Pope Francis and Cuba's President Raul Castro confer in Havana on Sunday.

Pope Francis and Cuba's President Raul Castro confer in Havana on Sunday. 

Credit:

Alejandro Ernesto//Reuters/Pool

Behind the hoopla surrounding Pope Francis' first visit to Cuba there's no shortage of political maneurving. 

"I feel that in a way, the pope is being used by the Cuban government," says Cuban installation and performance artist Tania Bruguera. "Raul, who has demonstrated that he's a very skillful politician, is using this [visit] to negotiate the end of the embargo with the United States, so he's using the political leverage of the pope." 

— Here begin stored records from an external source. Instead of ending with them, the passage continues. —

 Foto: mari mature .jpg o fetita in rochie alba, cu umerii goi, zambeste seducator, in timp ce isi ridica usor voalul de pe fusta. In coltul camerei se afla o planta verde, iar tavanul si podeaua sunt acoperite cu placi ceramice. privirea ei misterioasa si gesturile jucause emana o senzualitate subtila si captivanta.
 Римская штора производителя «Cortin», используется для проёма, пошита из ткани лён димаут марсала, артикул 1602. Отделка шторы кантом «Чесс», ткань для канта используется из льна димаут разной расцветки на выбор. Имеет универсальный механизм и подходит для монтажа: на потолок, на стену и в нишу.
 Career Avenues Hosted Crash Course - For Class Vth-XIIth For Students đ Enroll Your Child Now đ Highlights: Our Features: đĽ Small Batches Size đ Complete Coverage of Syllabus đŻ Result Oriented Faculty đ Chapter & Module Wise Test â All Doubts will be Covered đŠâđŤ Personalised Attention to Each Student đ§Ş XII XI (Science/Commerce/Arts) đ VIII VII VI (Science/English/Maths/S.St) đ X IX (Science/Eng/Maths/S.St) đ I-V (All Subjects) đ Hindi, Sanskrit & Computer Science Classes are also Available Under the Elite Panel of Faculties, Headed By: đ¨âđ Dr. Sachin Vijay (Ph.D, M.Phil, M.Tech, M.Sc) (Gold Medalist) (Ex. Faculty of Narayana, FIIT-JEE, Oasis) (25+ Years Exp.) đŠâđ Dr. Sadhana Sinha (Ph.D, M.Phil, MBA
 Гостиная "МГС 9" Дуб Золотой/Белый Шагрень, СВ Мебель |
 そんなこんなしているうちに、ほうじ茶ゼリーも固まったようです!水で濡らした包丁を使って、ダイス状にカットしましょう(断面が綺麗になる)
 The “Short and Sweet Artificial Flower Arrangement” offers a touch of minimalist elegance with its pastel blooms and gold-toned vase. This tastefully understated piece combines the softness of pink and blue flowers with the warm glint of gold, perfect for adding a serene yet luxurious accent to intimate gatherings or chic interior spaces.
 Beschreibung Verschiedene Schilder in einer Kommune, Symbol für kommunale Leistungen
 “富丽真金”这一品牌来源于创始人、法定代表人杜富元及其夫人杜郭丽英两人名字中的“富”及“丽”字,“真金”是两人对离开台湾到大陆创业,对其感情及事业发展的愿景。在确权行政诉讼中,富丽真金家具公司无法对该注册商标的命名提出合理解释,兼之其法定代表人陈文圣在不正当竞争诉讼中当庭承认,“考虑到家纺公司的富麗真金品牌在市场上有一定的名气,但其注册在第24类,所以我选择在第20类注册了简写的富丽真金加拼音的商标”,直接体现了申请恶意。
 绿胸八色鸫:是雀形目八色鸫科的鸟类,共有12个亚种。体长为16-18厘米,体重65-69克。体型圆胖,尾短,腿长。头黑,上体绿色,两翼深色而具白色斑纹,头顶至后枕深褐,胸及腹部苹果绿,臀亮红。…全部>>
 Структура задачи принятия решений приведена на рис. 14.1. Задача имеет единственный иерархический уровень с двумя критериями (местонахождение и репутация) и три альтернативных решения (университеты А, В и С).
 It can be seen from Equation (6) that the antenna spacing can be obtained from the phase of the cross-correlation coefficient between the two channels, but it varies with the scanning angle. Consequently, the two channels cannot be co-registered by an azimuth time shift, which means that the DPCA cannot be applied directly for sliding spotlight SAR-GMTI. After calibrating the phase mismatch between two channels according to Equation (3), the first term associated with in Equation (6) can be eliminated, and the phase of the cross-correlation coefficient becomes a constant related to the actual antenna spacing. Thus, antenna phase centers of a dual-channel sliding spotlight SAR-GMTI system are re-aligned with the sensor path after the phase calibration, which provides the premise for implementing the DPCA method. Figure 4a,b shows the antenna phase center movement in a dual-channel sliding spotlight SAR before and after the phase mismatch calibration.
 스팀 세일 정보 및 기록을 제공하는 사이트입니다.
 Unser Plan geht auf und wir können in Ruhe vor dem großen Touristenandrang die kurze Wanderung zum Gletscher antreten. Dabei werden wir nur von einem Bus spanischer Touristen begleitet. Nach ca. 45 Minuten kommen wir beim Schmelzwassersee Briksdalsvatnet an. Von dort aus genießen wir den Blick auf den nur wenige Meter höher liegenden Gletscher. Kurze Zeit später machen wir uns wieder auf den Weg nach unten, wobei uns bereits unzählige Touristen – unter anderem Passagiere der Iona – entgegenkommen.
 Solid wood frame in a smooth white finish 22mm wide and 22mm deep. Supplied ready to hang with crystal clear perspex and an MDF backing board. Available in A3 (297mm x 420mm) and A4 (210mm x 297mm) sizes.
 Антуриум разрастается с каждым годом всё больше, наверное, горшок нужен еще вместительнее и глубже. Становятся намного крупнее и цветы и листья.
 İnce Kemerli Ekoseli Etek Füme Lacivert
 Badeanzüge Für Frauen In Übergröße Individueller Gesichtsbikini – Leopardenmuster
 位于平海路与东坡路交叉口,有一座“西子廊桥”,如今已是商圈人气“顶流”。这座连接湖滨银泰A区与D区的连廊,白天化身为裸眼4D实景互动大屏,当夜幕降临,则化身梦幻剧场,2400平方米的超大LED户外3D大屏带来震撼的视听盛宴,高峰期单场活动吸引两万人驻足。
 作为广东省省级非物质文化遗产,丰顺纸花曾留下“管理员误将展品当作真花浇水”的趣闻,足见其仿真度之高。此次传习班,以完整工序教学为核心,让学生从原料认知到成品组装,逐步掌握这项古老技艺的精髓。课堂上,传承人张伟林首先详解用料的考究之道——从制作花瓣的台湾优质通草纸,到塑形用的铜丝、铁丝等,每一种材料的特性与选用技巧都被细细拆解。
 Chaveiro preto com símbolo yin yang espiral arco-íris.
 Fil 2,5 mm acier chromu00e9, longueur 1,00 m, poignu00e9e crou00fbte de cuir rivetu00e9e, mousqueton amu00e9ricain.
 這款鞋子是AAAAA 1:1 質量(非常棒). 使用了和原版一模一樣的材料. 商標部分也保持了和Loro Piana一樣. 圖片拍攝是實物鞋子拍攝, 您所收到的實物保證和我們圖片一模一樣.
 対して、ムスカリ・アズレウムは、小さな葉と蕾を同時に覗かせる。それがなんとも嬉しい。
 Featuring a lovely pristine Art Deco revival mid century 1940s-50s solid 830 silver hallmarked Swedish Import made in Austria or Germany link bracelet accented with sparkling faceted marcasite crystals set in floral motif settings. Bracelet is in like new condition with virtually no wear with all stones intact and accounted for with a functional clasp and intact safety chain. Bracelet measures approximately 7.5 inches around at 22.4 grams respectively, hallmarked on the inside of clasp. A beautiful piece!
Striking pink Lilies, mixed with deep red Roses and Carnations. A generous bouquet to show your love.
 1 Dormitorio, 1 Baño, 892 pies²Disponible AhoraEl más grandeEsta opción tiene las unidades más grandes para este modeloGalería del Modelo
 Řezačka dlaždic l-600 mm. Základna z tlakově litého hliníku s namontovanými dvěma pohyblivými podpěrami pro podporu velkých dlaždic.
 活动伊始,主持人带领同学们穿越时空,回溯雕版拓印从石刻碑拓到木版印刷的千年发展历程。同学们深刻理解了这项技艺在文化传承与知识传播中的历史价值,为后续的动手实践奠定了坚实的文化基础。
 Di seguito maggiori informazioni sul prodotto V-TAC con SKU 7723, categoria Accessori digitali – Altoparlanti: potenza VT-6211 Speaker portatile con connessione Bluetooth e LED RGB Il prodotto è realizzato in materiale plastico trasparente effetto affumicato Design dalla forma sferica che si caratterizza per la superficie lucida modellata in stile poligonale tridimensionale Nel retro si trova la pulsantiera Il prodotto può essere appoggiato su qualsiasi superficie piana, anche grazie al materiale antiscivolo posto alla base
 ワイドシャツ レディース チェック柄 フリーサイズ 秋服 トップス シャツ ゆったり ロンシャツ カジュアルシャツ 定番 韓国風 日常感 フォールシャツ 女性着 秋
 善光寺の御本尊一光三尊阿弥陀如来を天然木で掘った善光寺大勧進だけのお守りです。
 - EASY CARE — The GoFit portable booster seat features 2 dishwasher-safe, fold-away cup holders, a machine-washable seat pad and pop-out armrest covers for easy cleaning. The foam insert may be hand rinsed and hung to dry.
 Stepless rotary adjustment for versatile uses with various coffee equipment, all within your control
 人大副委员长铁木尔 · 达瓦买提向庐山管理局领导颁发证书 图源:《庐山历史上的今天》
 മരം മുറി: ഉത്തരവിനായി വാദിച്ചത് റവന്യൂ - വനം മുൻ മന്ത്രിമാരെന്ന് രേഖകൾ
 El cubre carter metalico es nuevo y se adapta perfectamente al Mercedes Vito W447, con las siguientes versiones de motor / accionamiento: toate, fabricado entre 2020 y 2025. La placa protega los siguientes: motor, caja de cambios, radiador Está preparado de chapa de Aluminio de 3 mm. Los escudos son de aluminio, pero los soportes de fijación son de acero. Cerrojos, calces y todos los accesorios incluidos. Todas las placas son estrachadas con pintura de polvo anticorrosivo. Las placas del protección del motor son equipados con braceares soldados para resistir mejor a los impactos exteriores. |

Bruguera spent much of the past year stranded in Cuba. Officials there confiscated her passport after she tried to stage an open-mic performance in Revolution Square in Havana. Now she's back in the US and a fellow at Yale, but remains in close touch with colleagues back on the island. 

She says Cubans still lack freedom of expression, and points to the recent arrest of grafitti artist and human rights activist El Sexto, as well as the mounting pressure on independent film producers on the island. Bruguera says the Cuban government recently closed a theater company that was trying to perform Eugène Ionesco's absurdist drama Exit the King.

"Those are signs of the fear the government has of art, and the power of art," she says. 

Pope Francis played a key behind the scenes role in the recent warming of diplomatic relations between Washington and Havana. Monday was the pontiff's third
and last full day in Cuba.

He comes to the US on Tuesday.

The pope's stay in Cuba hasn't been without controversy. Two dissidents who tried to attend a papal event at Havana's cathedral were detained by authorities, even though they said they'd been invited by the Vatican. 

Asked if critics of Cuba's government were also using the pope for cover, Bruguera decided to "say something maybe some of my dissident friends will not like."

"We're living a new era in Cuba now, and it's the era of the people, not the era of the dissidents or the government," she says. "It's the era of the normal, everyday Cuban people. And this is what I personally would like to fight for."

Bruguera, the daughter of Miguel Bruguera, a former Cuban ambassador to Lebanon and Panama, returned to the US in late August, after being under virtual house arrest in Havana for eight months.